**Data**
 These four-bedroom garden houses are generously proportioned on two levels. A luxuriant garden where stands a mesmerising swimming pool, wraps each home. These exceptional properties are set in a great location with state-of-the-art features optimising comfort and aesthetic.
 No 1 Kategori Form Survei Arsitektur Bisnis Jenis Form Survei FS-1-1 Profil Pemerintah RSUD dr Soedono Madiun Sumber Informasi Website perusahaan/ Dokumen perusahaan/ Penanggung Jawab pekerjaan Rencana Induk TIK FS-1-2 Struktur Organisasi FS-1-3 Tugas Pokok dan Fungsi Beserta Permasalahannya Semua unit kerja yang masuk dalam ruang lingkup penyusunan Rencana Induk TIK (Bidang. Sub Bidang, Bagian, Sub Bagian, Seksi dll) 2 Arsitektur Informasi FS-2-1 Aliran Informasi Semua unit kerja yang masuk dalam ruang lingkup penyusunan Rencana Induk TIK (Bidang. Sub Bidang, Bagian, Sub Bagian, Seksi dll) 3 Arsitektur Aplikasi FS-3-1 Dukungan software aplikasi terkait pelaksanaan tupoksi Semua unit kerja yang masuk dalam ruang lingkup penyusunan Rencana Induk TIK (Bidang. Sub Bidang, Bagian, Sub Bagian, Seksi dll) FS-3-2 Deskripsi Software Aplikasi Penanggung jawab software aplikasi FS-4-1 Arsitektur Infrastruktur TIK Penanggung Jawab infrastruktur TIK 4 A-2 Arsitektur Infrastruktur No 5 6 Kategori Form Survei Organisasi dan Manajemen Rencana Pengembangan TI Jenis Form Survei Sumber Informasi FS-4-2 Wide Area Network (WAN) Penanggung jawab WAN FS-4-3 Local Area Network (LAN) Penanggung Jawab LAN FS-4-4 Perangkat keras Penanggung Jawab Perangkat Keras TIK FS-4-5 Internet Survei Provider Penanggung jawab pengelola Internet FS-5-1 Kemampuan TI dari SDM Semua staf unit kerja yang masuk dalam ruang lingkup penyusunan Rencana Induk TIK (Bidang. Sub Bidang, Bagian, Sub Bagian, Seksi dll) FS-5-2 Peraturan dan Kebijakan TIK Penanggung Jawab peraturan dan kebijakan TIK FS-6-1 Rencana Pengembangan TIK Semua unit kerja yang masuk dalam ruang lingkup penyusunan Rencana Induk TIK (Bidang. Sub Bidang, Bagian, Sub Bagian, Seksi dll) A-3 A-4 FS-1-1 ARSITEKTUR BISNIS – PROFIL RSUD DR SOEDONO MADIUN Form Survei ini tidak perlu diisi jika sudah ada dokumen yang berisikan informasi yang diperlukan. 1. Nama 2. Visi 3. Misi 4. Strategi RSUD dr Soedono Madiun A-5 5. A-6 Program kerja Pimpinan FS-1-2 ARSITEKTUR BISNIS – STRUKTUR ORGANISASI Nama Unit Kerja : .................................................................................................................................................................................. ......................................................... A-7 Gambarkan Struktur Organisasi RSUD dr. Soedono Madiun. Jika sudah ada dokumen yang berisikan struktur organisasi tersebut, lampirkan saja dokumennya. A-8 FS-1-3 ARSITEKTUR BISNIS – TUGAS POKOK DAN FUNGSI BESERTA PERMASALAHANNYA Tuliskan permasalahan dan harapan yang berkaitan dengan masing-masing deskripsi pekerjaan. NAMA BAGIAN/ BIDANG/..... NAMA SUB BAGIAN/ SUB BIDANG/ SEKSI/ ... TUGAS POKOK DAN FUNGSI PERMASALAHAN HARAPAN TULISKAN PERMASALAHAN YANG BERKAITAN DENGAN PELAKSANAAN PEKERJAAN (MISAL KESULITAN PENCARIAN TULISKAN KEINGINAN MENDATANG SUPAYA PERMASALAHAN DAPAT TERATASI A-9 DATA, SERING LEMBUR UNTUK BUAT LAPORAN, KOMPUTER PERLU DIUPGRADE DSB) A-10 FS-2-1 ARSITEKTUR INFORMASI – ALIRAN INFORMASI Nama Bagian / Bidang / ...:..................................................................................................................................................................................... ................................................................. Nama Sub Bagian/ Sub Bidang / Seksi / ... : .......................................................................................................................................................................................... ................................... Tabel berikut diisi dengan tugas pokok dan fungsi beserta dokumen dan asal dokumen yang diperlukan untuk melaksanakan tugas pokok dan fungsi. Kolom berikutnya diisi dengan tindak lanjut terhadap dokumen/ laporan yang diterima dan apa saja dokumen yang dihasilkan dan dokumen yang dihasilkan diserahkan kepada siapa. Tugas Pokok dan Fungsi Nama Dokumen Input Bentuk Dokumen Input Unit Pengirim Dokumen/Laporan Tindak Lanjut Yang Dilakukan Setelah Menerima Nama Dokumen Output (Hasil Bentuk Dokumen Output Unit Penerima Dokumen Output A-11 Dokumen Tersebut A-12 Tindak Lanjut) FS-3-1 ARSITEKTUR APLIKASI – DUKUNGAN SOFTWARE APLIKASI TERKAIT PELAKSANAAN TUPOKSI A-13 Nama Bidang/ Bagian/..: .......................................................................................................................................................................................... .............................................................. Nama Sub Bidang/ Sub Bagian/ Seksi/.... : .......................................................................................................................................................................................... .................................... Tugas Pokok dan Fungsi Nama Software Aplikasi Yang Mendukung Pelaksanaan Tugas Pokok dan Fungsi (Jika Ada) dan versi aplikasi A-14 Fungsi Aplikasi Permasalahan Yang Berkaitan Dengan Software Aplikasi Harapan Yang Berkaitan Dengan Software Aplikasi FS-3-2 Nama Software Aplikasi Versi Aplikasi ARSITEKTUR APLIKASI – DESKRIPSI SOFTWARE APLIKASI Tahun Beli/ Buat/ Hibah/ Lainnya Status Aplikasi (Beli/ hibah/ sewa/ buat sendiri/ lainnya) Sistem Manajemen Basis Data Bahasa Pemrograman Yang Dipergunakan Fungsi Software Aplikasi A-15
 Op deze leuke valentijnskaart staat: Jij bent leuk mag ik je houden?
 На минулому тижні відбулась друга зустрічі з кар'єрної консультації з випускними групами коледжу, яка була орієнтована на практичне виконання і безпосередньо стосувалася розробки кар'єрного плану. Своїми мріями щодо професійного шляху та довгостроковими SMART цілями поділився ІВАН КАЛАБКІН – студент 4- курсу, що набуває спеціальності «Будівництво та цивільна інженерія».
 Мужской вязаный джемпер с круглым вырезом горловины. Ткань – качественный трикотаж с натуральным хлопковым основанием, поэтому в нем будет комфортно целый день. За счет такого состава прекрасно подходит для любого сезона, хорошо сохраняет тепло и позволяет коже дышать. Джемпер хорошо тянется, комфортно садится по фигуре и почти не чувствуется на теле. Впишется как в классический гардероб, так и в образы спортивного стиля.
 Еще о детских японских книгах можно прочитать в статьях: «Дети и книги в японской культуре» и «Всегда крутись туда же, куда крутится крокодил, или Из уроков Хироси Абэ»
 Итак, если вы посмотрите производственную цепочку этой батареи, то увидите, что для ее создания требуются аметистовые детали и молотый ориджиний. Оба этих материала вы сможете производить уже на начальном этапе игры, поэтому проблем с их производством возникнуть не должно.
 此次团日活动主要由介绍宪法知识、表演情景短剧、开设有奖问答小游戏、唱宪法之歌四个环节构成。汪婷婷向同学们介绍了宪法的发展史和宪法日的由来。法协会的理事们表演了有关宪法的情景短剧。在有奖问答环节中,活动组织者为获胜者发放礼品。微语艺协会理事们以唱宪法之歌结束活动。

**Exercise objective**
All lines above that include the word "поэтому" should be located and copied.

**Finished exercise**
 Мужской вязаный джемпер с круглым вырезом горловины. Ткань – качественный трикотаж с натуральным хлопковым основанием, поэтому в нем будет комфортно целый день. За счет такого состава прекрасно подходит для любого сезона, хорошо сохраняет тепло и позволяет коже дышать. Джемпер хорошо тянется, комфортно садится по фигуре и почти не чувствуется на теле. Впишется как в классический гардероб, так и в образы спортивного стиля.
 Итак, если вы посмотрите производственную цепочку этой батареи, то увидите, что для ее создания требуются аметистовые детали и молотый ориджиний. Оба этих материала вы сможете производить уже на начальном этапе игры, поэтому проблем с их производством возникнуть не должно.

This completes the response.